Phase One – done with the windows open, moving from the front door “widdershins” (counterclockwise) through the rooms and from the ground floor upwards, if you have more than one floor – releases negative energies. Dani recommends asking the “spirits” to leave, politely, as you begin. “Say, ‘This is my space; I’d appreciate it if you’d go now.’ If the energy is not willing to leave, then claim the space as safe and protected.” Stamping your feet in spots that feel especially “blocked” can be helpful, she says. Some like to ring a small bell, sing or whistle as they go.
Though the smudging can be done with the sage alone, many magical practitioners like to use a single feather, feather fan or even a dried bird’s wing to wave the smoke into every corner and cranny, where negative energies are thought to pile up. Closets and drawers should be opened and smudged as well.
Phase Two involves setting up your space to welcome the positive energies that you’re inviting to replace the negative. At this point in the ritual, Wiccans like to place crystals – howlite, hematite and black tourmaline are recommended types – at the four directional corners to define and protect the space. Then you retrace your steps, working your way back down in a spiral from upper to lower floors, moving “deosil” or “sunwise” (clockwise) this time, again smudging as you go, closing windows and doors behind you and visualizing your spaces filled with light and beneficent energy.
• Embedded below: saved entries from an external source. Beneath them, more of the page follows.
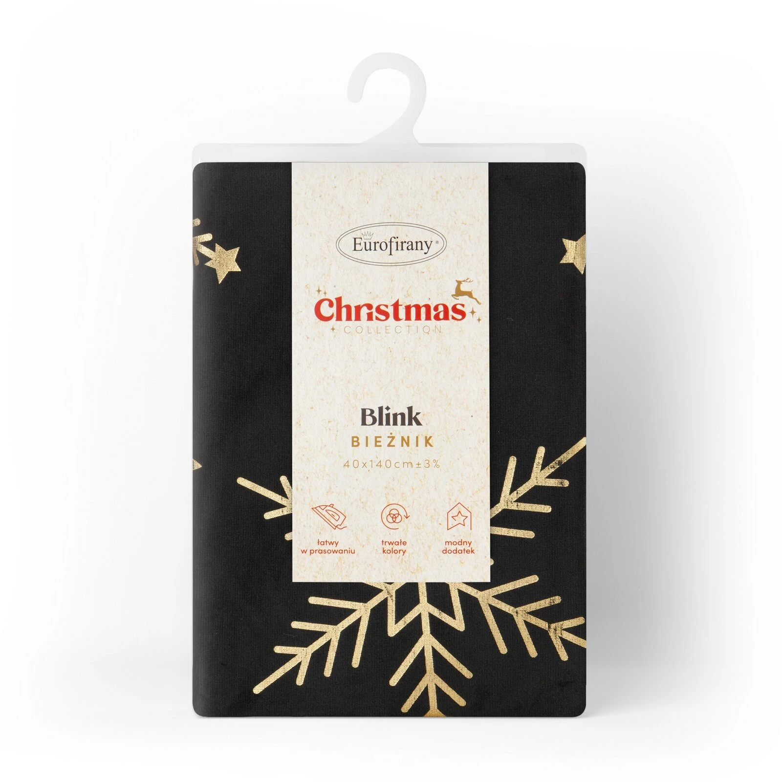 Bieżnik świąteczny rozm.: 40 x 140cm, kolor czarny z szampańskim nadrukiem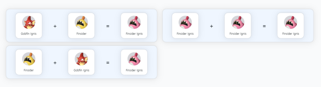 Let me introduce the breeding method I use. Today’s goal is Finsider Ignis.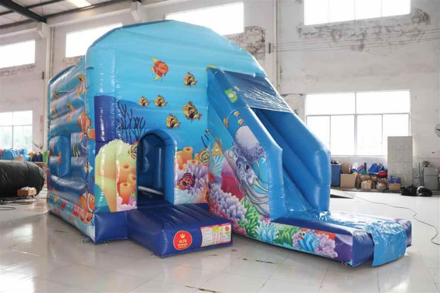 Our Under the Sea Combo, 12 wide by 21 long and 6 foot slide, this combos is a very popular hire, this combo is excellent if we get a couple of showers, the kids are protected from the elements and the combo will stay dry.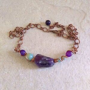 Huge Amethyst + Agate + Amazonite Beads & Copper! Handmade Asymmetrical Choker!

When should you do a house cleansing/blessing? Certainly before moving into a new space, and afterwards, as often as you feel the need. “Doing it more often is better,” says Dani, noting that some massage therapists regularly smudge their workrooms in between clients, to expunge the bad juju that we all carry around lodged in our muscles. If you want to get really serious about the timing, correlating your ritual with the zodiac or the phase of the Moon, there are plenty of resources to research. But ultimately, those variables carry less weight than your intentionality. “Some people might want to use the New Moon to build energy, or Dark Moon to expel negativity, or the Full Moon for protection. As long as you understand why you’re doing it, it doesn’t matter,” Dani avers.
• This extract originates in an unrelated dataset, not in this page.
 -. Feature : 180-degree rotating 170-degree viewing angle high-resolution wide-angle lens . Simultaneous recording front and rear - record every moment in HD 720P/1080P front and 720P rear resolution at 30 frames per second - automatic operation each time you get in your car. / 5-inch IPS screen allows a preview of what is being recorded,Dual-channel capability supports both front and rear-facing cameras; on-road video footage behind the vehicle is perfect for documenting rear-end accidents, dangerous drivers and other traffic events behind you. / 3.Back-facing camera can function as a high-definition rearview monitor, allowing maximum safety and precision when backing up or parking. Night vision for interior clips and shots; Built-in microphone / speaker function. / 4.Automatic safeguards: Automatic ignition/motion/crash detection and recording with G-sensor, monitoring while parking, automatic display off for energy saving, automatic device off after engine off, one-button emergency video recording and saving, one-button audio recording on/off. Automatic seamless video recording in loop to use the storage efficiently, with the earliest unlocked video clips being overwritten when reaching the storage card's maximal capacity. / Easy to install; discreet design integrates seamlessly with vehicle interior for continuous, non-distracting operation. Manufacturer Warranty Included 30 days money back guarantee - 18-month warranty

That attitude nicely addresses the question of us habitual skeptics as to whether any of this is anything more than highly unscientific mumbo-jumbo. Just as we don’t have to believe in Eastern deities, in a literal sense, to derive physical and mental relaxation from meditation or yoga, we may also feel much more comfortable in our living spaces by concentrating our intentions on clearing them from “blockages” of any kind. I think I’ll start with that big pile of papers over there, and save the smudging for later.